Natural flavonoid; aldose reductase

The purpose of this study is to evaluate the active properties of Thuja orientalis leaves for the treatment of diabetic complications. The ethyl acetate fraction showed a significantly higher inhibition both of recombinant human aldose reductase (rhALR2) inhibitory activity and advanced glycation endproducts (AGEs). The detected antioxidants (compounds 1–4) by online-HPLC-ABTS+ method and other three compounds were isolated using preparative RP-HPLC and Sephadex LH-20 column chromatography. Among the seven compounds, compound 4 (quercitrin) which was isolated from ethyl acetate fraction, was found to show inhibition for both forms of rhALR2 and AGEs. This compound also inhibited oxidative stress which was measured by Photochem® apparatus. In conclusion, the ethyl acetate fraction from T. orientalis demonstrated antioxidant activity as well as inhibitory effects on rhALR2 and AGEs. Quercitrin was shown to be the active compound and hence could be offered as an active material of standardization for the development of natural products for food or medicines [1].
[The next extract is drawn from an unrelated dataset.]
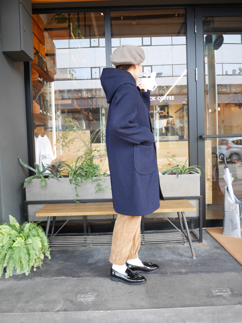 自然と裾に向かって広がったAラインのシルエットと、襟元〜フードのボリュームがniceバランス!!

Measurement of rhALR2 activity. rhALR2 activities were assayed spectrophotometrically by measuring the decrease in absorption of NADPH at 340 nm over a 5 min period with DL-glyceraldehyde as a substrate [Sato and Kador, 1990]. Each 1.0 mL cuvette contained equal units of enzyme, 0.10 M sodium phosphate buffer (pH 6.2), 0.3 mM NADPH with or without 10 mM substrate and inhibitor. The concentration of inhibitors giving 50% inhibition of enzyme activity (IC50) was calculated from the least-squares regression line of the logarithmic concentrations plotted against the residual activity.[1]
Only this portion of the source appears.